LOCAL residents will benefit from having well trained aerial firefighting specialists at their disposal on the Mid North Coast following a major NSW Rural Fire Service (NSW RFS) training exercise at Orange.
NSW Rural Fire Service (NSW RFS) Deputy Commissioner Rob Rogers said around 80 volunteers and eight aircraft underwent intensive training ahead of the bush fire season.
“These freshly trained and prepared aerial firefighting specialists from the NSW RFS and the National Parks and Wildlife Service will be on hand to support volunteers on the ground with water bombing and reconnaissance," Deputy Commissioner Rogers said.
“The unprecedented rain we’ve had in recent years has lead to an increase in fuel loads throughout the State, particularly grass growth.

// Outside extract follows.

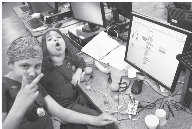
Having fun was required in Family Creative Learning!

“This grass and vegetation has already started to dry out and the recent bush fire at Bulli Tops in the Illawarra region is a good example of how important aerial resources are in helping to bring fires burning in difficult terrain under control.
“This practical training is based around some challenging real life scenarios including a simulated grass fire, fire in threatening a house in the hills and an aircraft accident.”
During the weekend's exercise, trainees fine tuned their skills of navigating to water bombing sites, called in water bombers, dropped foam and ran an airbase.
“Water bombing is particularly useful at the moment because so many fires are starting in wet, boggy ground - making it hard for some fire trucks to gain access," Deputy Commissioner Rogers said.
“The aerial fire fighting specialists were also be taught how to coordinate reconnaissance, aerial ignition techniques as well as transport and airbase management services.
“These roles are vitally important to help us combat fires as quickly and efficiently as possible. Aerial specialists are also used during hazard reduction burns to ignite and monitor fires from the air."